FastChat
FastChat copied to clipboard
Add xformer and support training on V100s
Why are these changes needed?
We are going to use xformer instead of flash attention. Xformer is better because:
- It supports more GPU architectures than flash attention, including V100
- It has similar memory footprint and flops compared to flashattention
- It is developed and maintained by Meta and has more useful functionality.
We can gradually deprecate flash attention.
cc @DachengLi1
Co-authored-by: Dacheng Li[email protected]
Related issue number (if applicable)
Checks
- [x] I've run
format.sh
to lint the changes in this PR. - [x] I've included any doc changes needed.
- [ ] I've made sure the relevant tests are passing (if applicable).
The authors of Flash Attention have also developed the triton-based implementation (https://github.com/HazyResearch/flash-attention/blob/main/flash_attn/flash_attn_triton.py). How about replacing their original implementation with the triton-based?
This works fantastically on V100 gpu(s), please merge it ASAP! Appreciate it!
@ss-zheng thanks, will merge soon.
Thanks for this great PR! Can you also apply it to other finetuning scripts like train_lora.py
, etc.
FYI, I just learned that xformers
' memory-efficient attention has been upstreamed to torch.nn.functional.scaled_dot_product_attention
: https://pytorch.org/docs/stable/generated/torch.nn.functional.scaled_dot_product_attention.html .
However, it needs code change in transformers
to enable/pin down. I think this PR is still worth merging.

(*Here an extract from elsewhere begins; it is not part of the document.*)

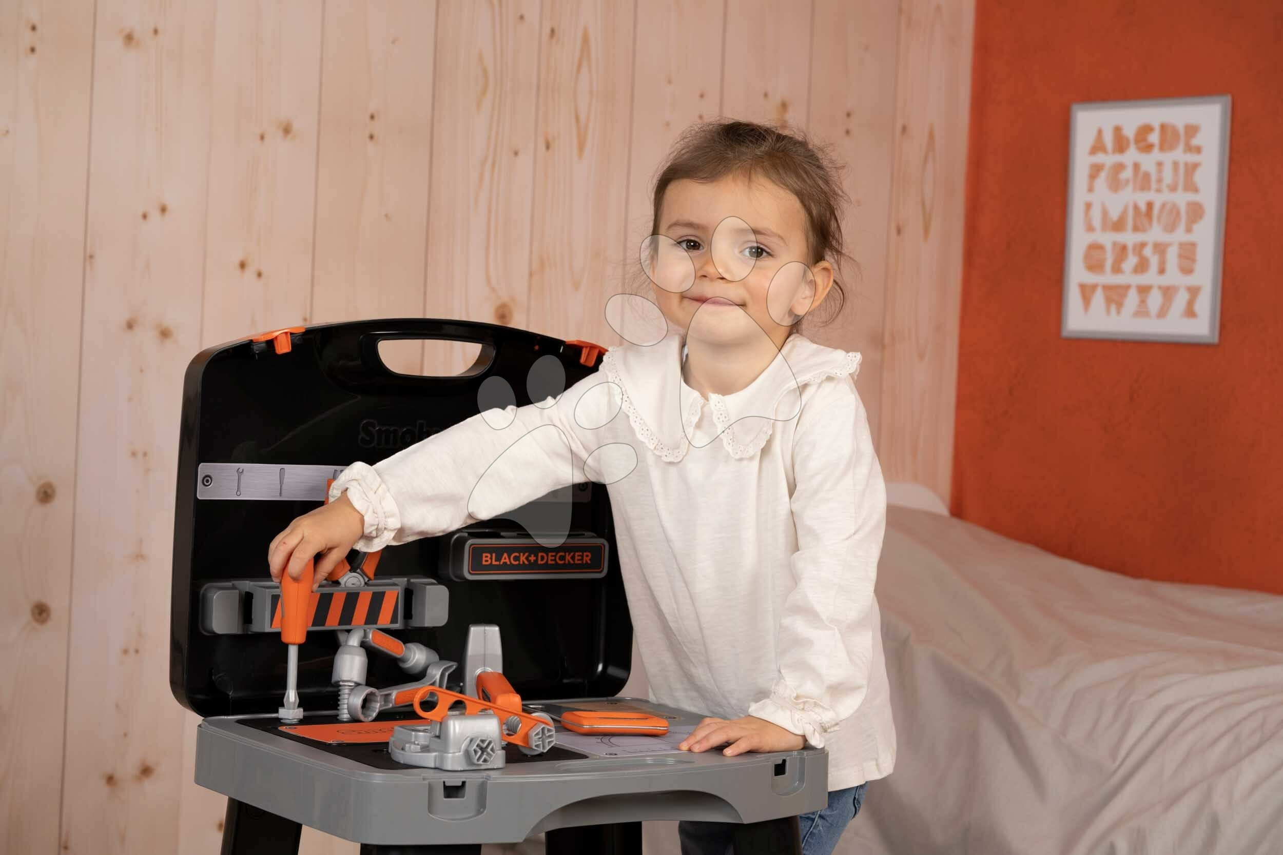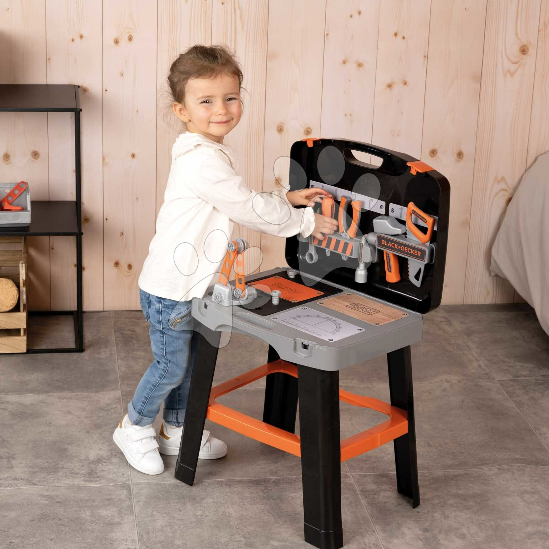 Smoby Pracovní dílna v kufříku 2v1 Bricolo Smart Workbench Black&Decker rozkládací pracovní stůl s nářadím 30 doplňků

@zhisbug just a reminder that the developer of Flash Attention gave up on the V100s.
https://github.com/Dao-AILab/flash-attention/issues/148#issuecomment-1573216640
The authors of Flash Attention have also developed the triton-based implementation (https://github.com/HazyResearch/flash-attention/blob/main/flash_attn/flash_attn_triton.py). How about replacing their original implementation with the triton-based?
That would force everyone to use PyTorch 2.0, which is not deployed in many supercomputing centres.
So we can work on V100 with flash attention models like Llama 2?
@jshin49 doesn't seem so, look at the comment before.